(Try it) Beginning with the line where "08月24日,重慶市武隆區教" appears, restate each line word for word until the data ends. Pictures do not go in.

(Input data)
-- Opening Marker --

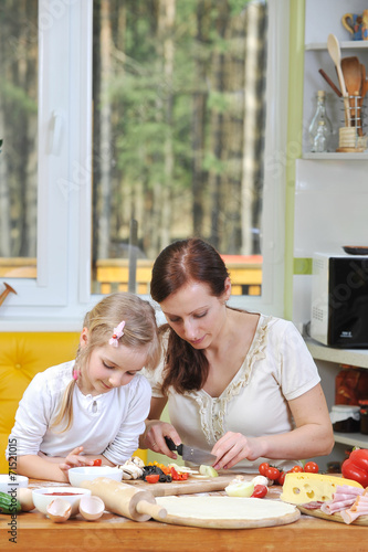 cheese, cooking, cookery, dough, flour, food, fresh, grain, ingredient, kitchen, kneading, meal, mozzarella, onion, pepper, pepperoni, pizza, preparation, cucumber, roller, rolling, round, salami, sauce, slice, spice, table, tasty, tomatoes, vegetable, wooden, mother, children, daughter, girl, childhood, children, egg, spoon, greener, arugula, spinach
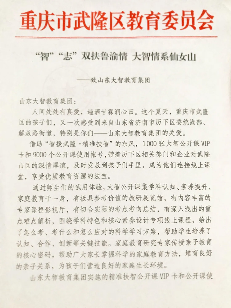 08月24日,重慶市武隆區教育委員會給大智寫來感謝信,就大智為武隆區學校公益捐贈大智公開課VIP卡表示感謝。為深入貫徹落實習近平總書記“扶貧...
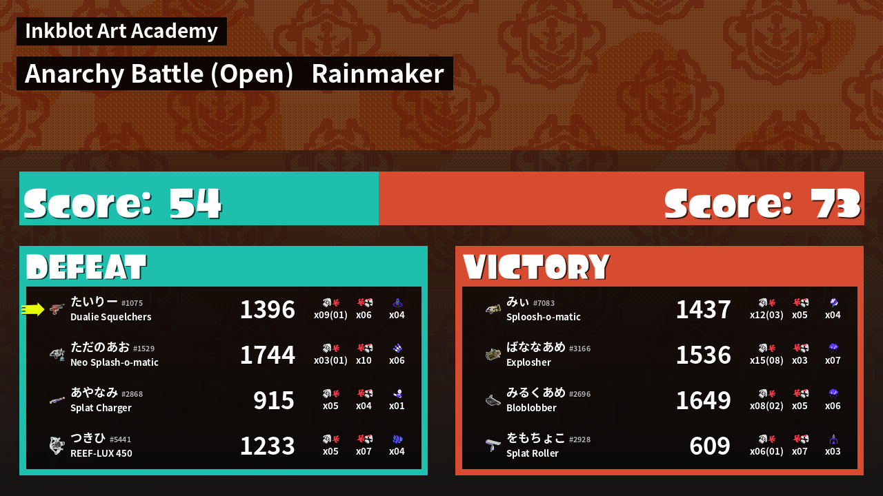 Name | Weapon | Inked | ![]() |

-- Closing Marker --

(Written response)
 08月24日,重慶市武隆區教育委員會給大智寫來感謝信,就大智為武隆區學校公益捐贈大智公開課VIP卡表示感謝。為深入貫徹落實習近平總書記“扶貧...
 Name | Weapon | Inked | ![]() |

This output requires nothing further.